▶ [WORK INSTRUCTIONS]
Retype only the lines that run from the top of the material below to the line bearing "Yüzlerce dergi ve", inclusive, and keep the pictures out.

▶ [DATA EXTRACT]

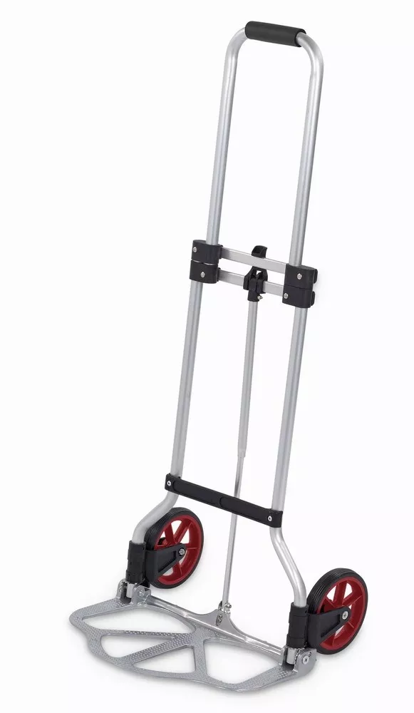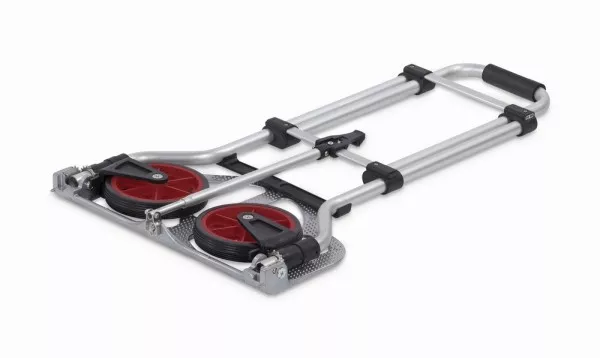 - Doplňující parametr: nosná plocha 27,5x42cm, nosnost 70kg, velikost rozloženého vozíku 98x42x42,5cm, velikost složeného vozíku 70x42x5cm, konstrukce z oceli, hmotnost 4kg,průměr koleček 15cm
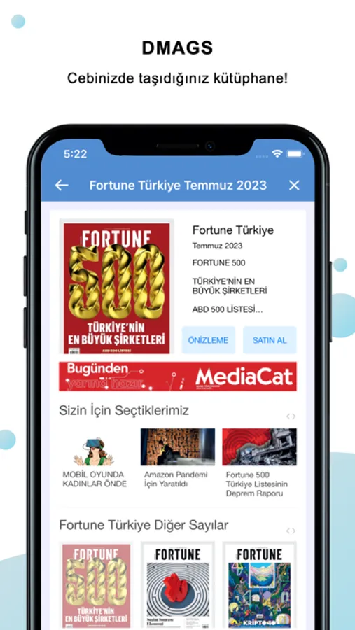 Yüzlerce dergi ve binlerce arşiv sayısı ile Türkiye’nin en tecrübeli dijital dergi ve çizgi roman platformu olan dMags ile dilediğiniz dergiyi kolayca alıp okumanın en keyifli halini yaşamaya ne dersiniz?
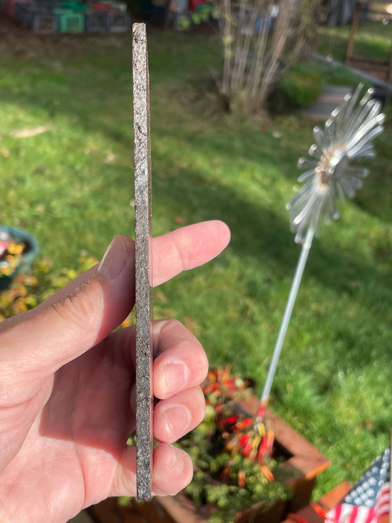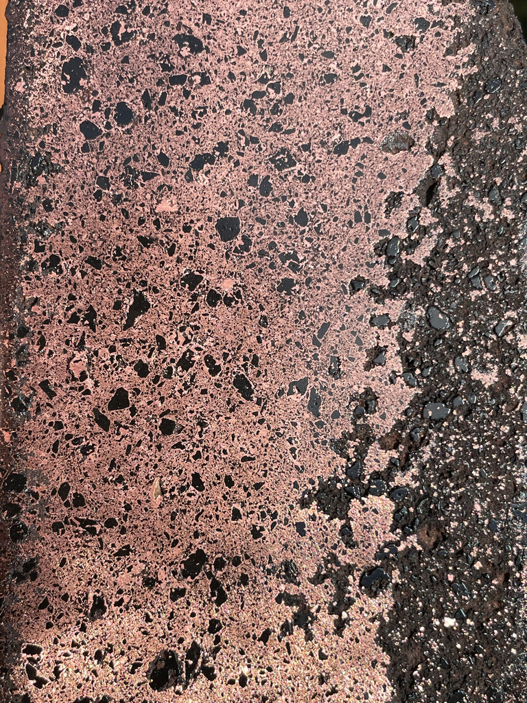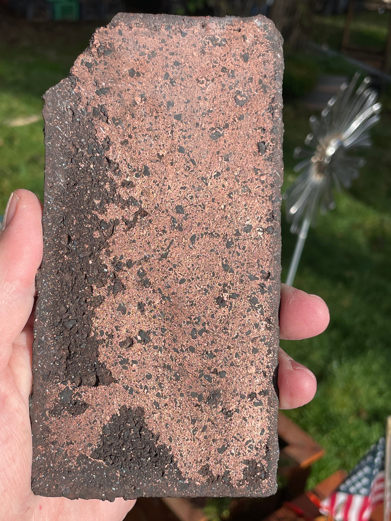 This is a slab of firebrick from the old smelters in Michigan measuring 6” long x 3” wide x 1/8” thick. The brick absorbed the metal during the smelting process and some were saved prior to being permanently buried after the decommissioning of the smelters. This is a rare piece of history and it is very suitable to be displayed as a part of history or cabbed into beautiful jewelry. These slabs are polished on one side and clear coated to keep it shiny. #FB3
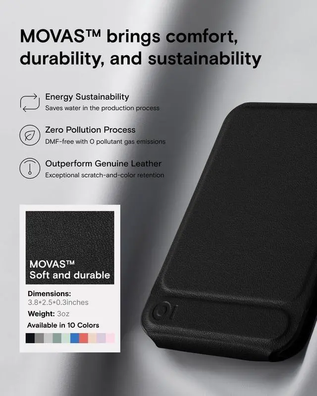 Soft and durable - Made with MOVAS, the revolutionary vegan leather, that combines a silky touch and resistance to everyday dirt and scratches.
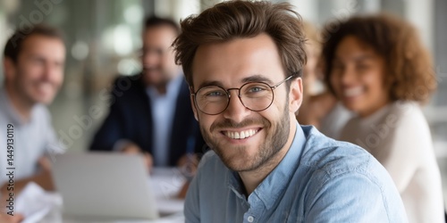 Happy businessman in a meeting, business colleagues smiling, office setting. Use Stock photo for business, teamwork, success
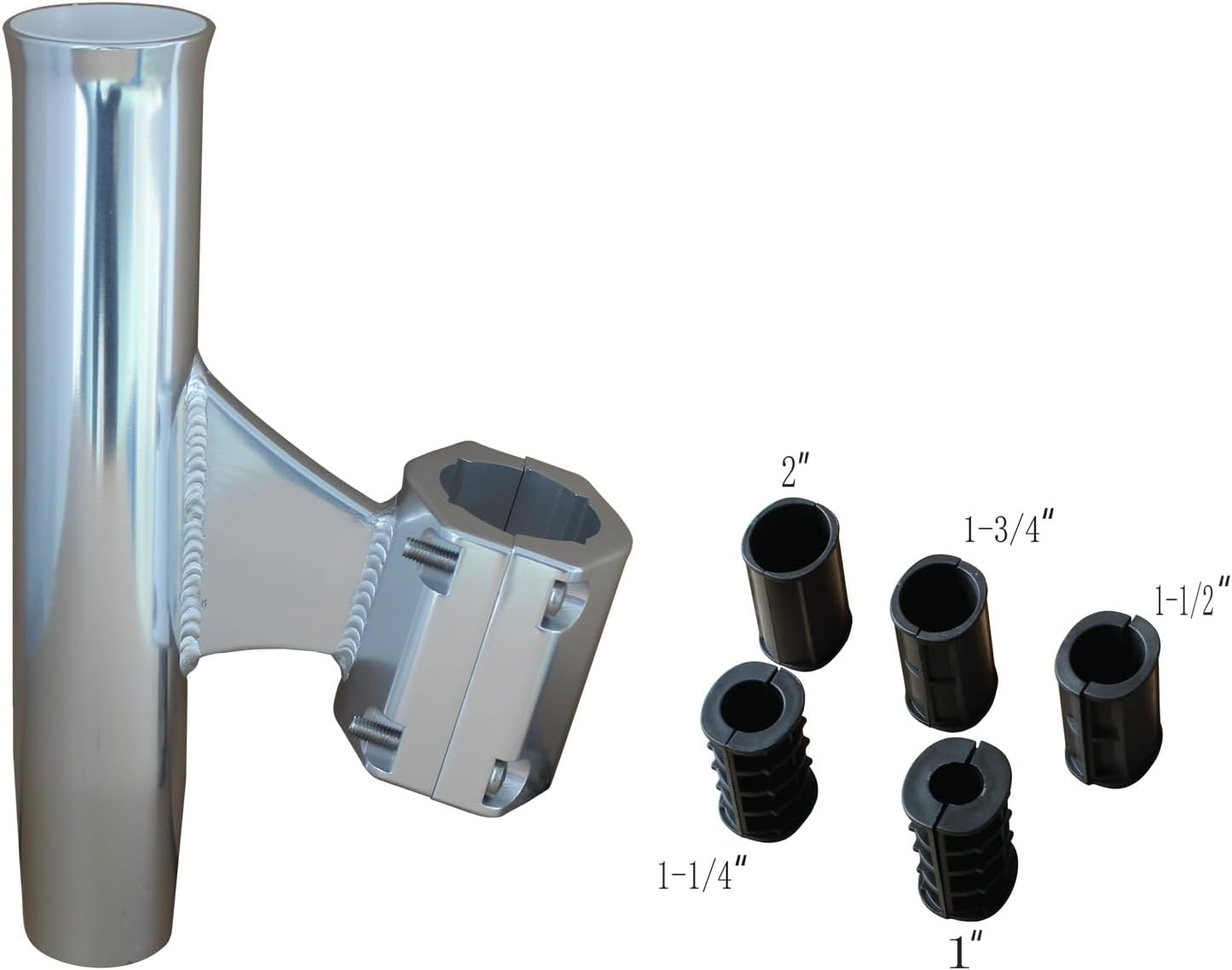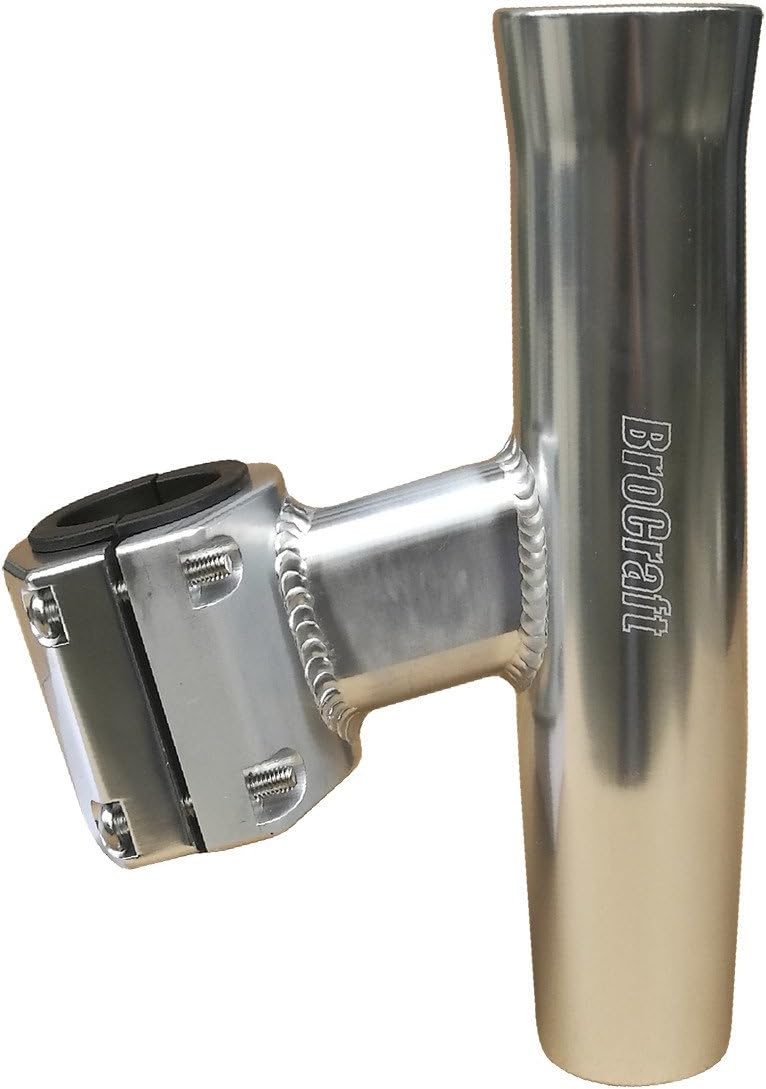 Features:Brocraft Aluminum rod holders that are as beautiful as they are functional. . No lengthy trips to the tower builder for custom installation at custom prices. Simply place the two halves of the clamp around the pipe, insert the bolts and tighten. Install them wherever you like. If later, you don't like the position, simply move them.These Rod Holders are the perfect solution for boats with wiring or hydraulic lines inside their tower legs. All Holders come lined with a heavy duty white vinyl insert. The Clamping portion of the Rod Holder is precision made for an exact fit. Stainless Bolts assure an even clamping pressure and a secure bond. The clamp is welded to the tube with either a fin or an oval rod for maximum strength. The completed Rod Holder is then meticulously polished to a mirror finish. These holders are designed primarily for storage but may be used for light tackle trolling.
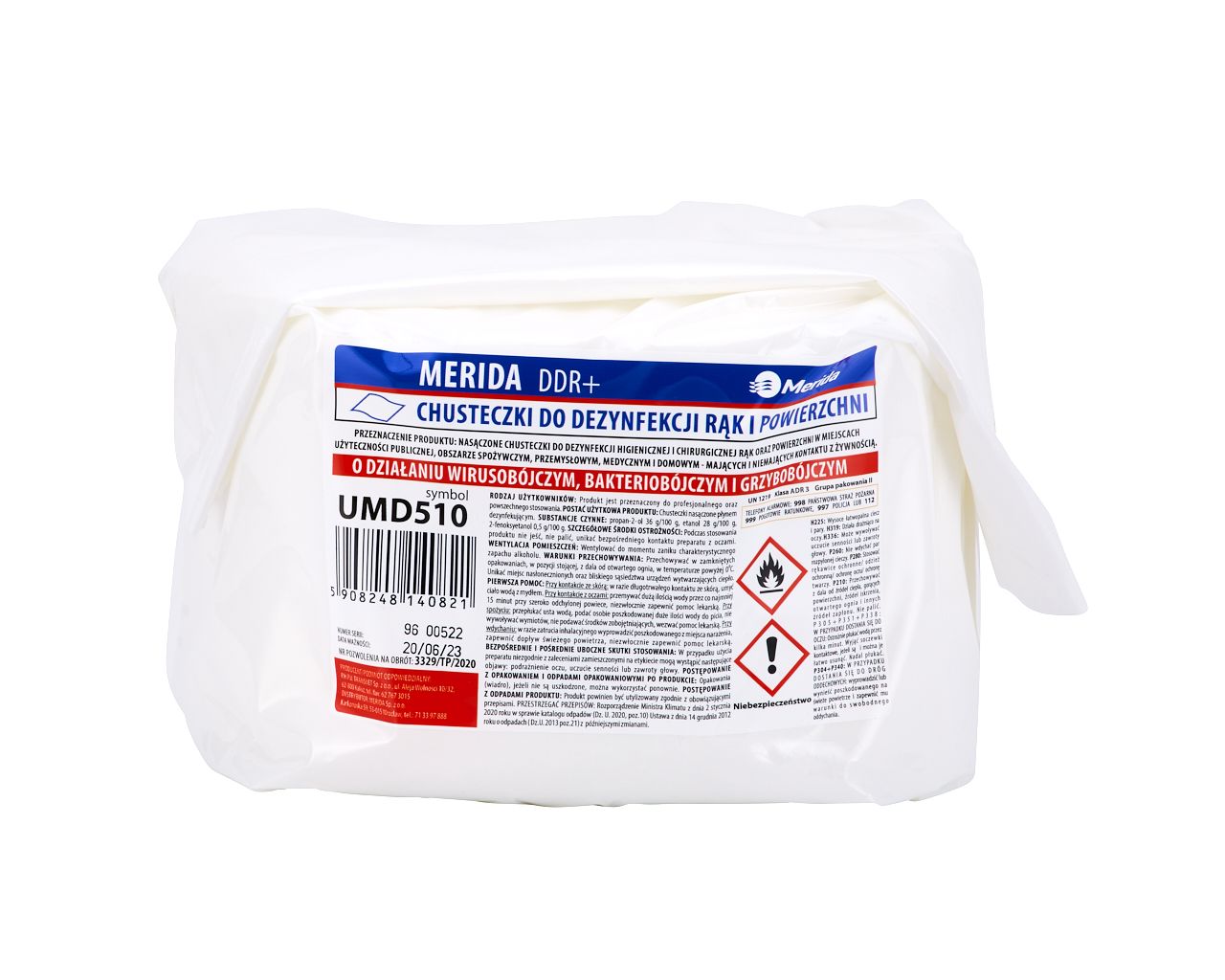 – chusteczki Merida DDR+ to produkt zawierający mieszaninę trzech substancji czynnych (etanol, izopropanol i fenoksyetanol), skutecznych w walce z grzybami, bakteriami i wirusami (pozwolenie na obrót produktem biobójczym nr 3329/TP/2020)
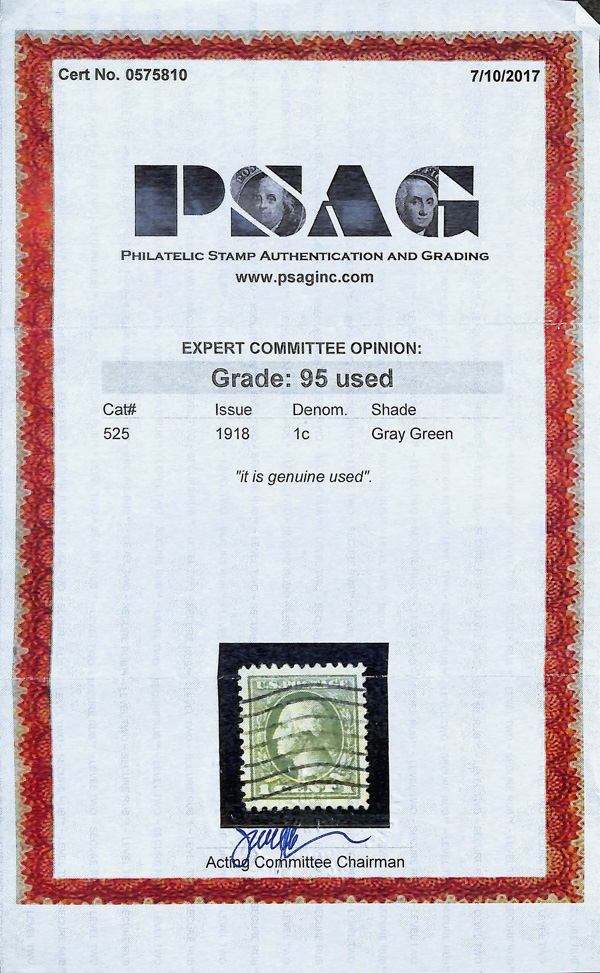 7294 O 525 image1918, 1¢ gray green, offset printing (Scott 525), Extremely Fine to Superb, with 2017 P.S.A.G. certificate graded XF-SUP 95.
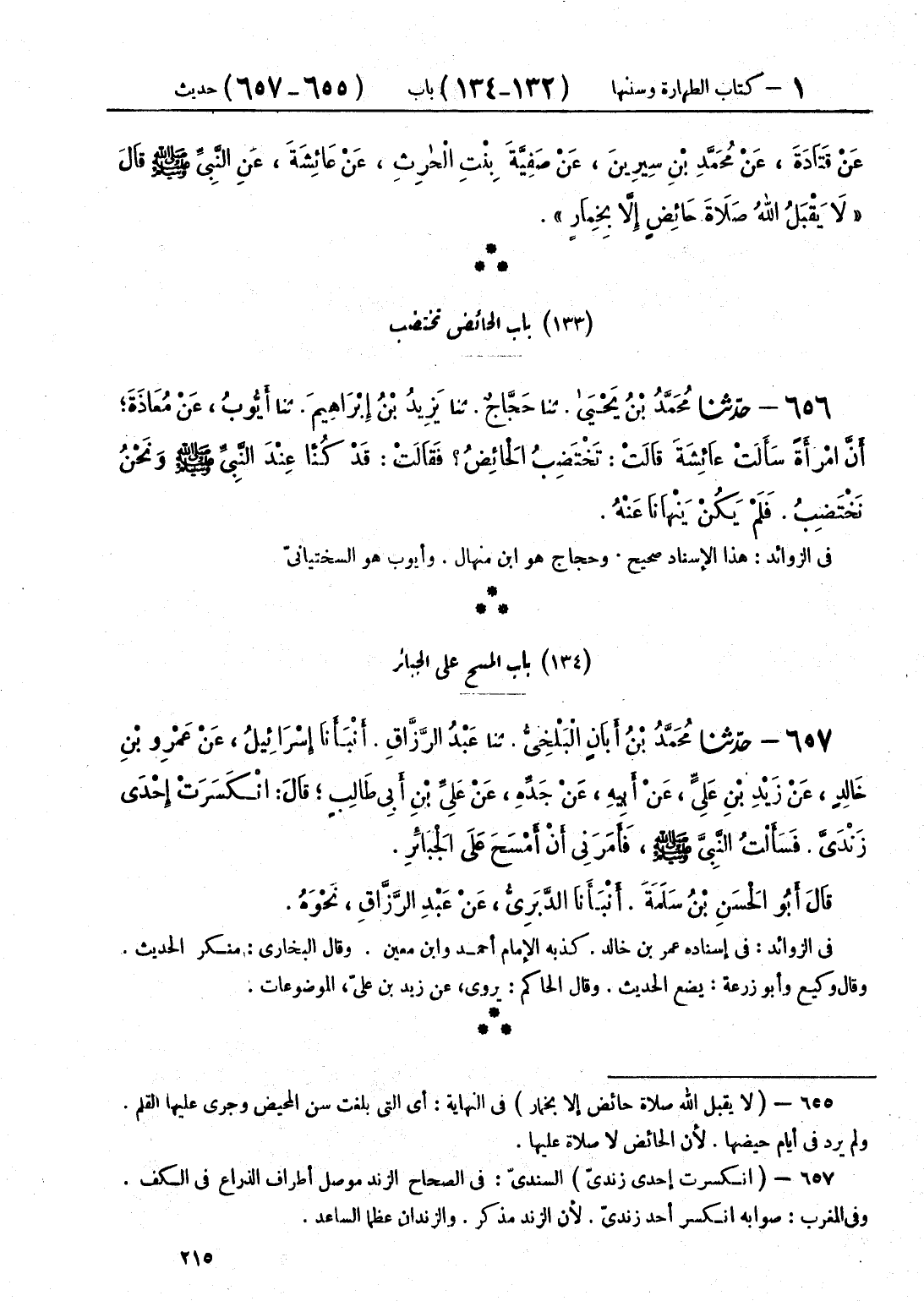 655 - حَدَّثَنَا مُحَمَّدُ بْنُ يَحْيَى قَالَ: حَدَّثَنَا أَبُو الْوَلِيدِ، وَأَبُو النُّعْمَانِ، قَالَا: حَدَّثَنَا حَمَّادُ بْنُ سَلَمَةَ، عَنْ قَتَادَةَ، عَنْ مُحَمَّدِ بْنِ سِيرِينَ، عَنْ صَفِيَّةَ بِنْتِ الْحَارِثِ، عَنْ عَائِشَةَ، عَنِ النَّبِيِّ صَلَّى اللهُ عَلَيْهِ وَسَلَّمَ، قَالَ: «§لَا يَقْبَلُ اللَّهُ صَلَاةَ حَائِضٍ إِلَّا بِخِمَارٍ»
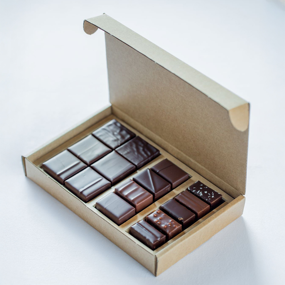 15個(ガナッシュ・オリジン3種 各2個、ガナッシュ・グルマンド4種 各1個、プラリネ・ア・ランシエンヌ5種 各1個)
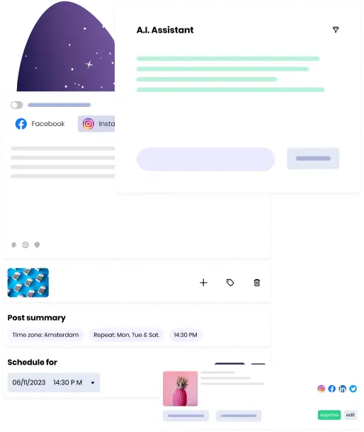Accelerate content creation with our automated writing assistance, which allows you to draft and publish social media posts more efficiently.
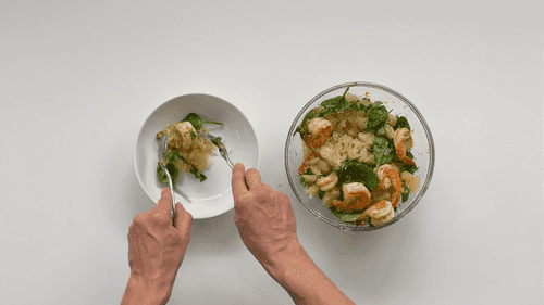 Горячие креветки сразу закинуть в соус. Далее смешать шпинат, листья кинзы и мякоть помело с креветками и соусом.
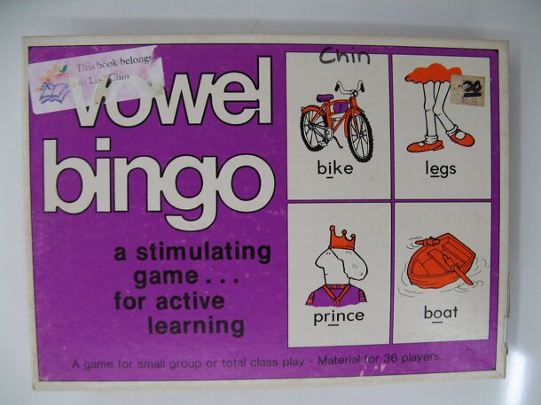 From the instructions: "Vowel Bingo is a fun-filled way to strengthen and reinforce vowel skills. Each playing card contains eight labeled illustrations of objects having long or short vowel sounds in their names. The purpose of game play is to match each object's game with its correct vowel." Vowel Bingo is similar to standard bingo, but in order to place...
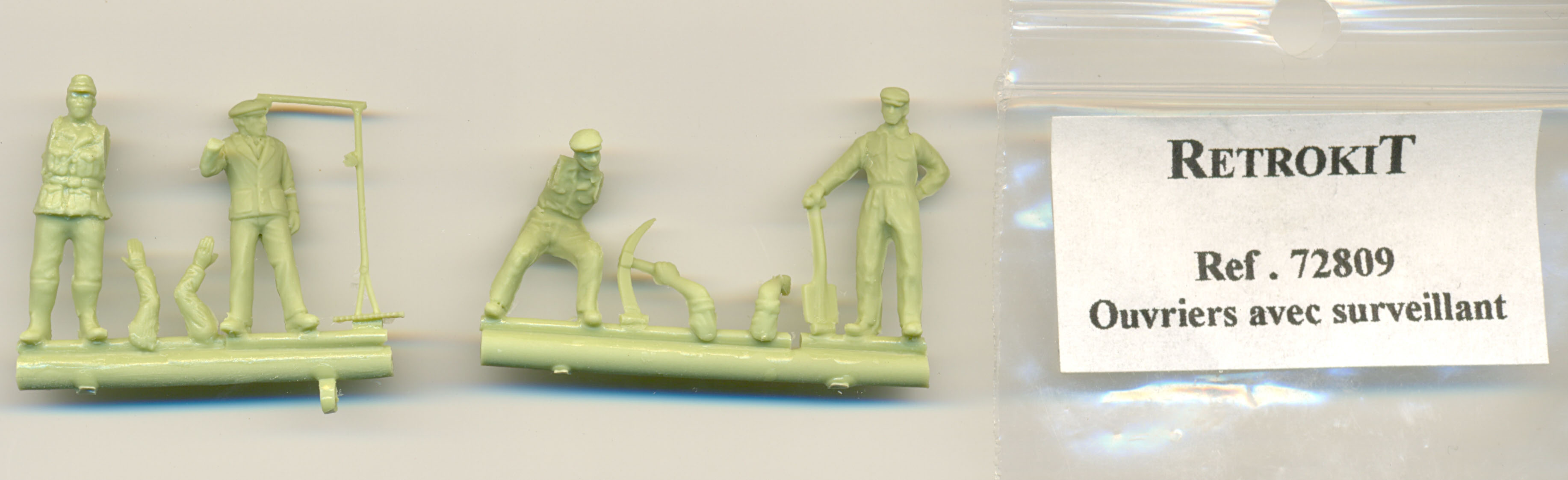 I'm still not sure whether I have clearly grasped the way in which the old Retrokit range was split between RetrokiT and Solfig, or between Retrokit(UK) and Retrokit(FR). My set carries the label "RetrokiT", but according to our sources it is now in the Solfig catalogue. I'll leave it up to the reader to identify the product when he comes across this set. The set contains four resin figures, some with separate arms or hands. One figure is (para-)military and can represent any German soldier, but in this set he probably belongs to Organisation Todt. The three others are civilians (of which two in coveralls), and can be anything from Todt workers to ordinary civilians. The one with the shovel would make a convincing farmer, and the one with the rake could pass for a civilian waving at troops if you give him another hand. In all, a very versatile set. Unfortunately, the casting quality is good, but not sublime. Detail is rather soft on the soldier (but better on the others), ragged blemishes can be found, and the farmer's torso is almost two-dimensional. The soldier is also rather tall, measuring around 27mm (=1m94) from heel to cap. |

▶ [THE ANSWER]
 - Doplňující parametr: nosná plocha 27,5x42cm, nosnost 70kg, velikost rozloženého vozíku 98x42x42,5cm, velikost složeného vozíku 70x42x5cm, konstrukce z oceli, hmotnost 4kg,průměr koleček 15cm
 Yüzlerce dergi ve binlerce arşiv sayısı ile Türkiye’nin en tecrübeli dijital dergi ve çizgi roman platformu olan dMags ile dilediğiniz dergiyi kolayca alıp okumanın en keyifli halini yaşamaya ne dersiniz?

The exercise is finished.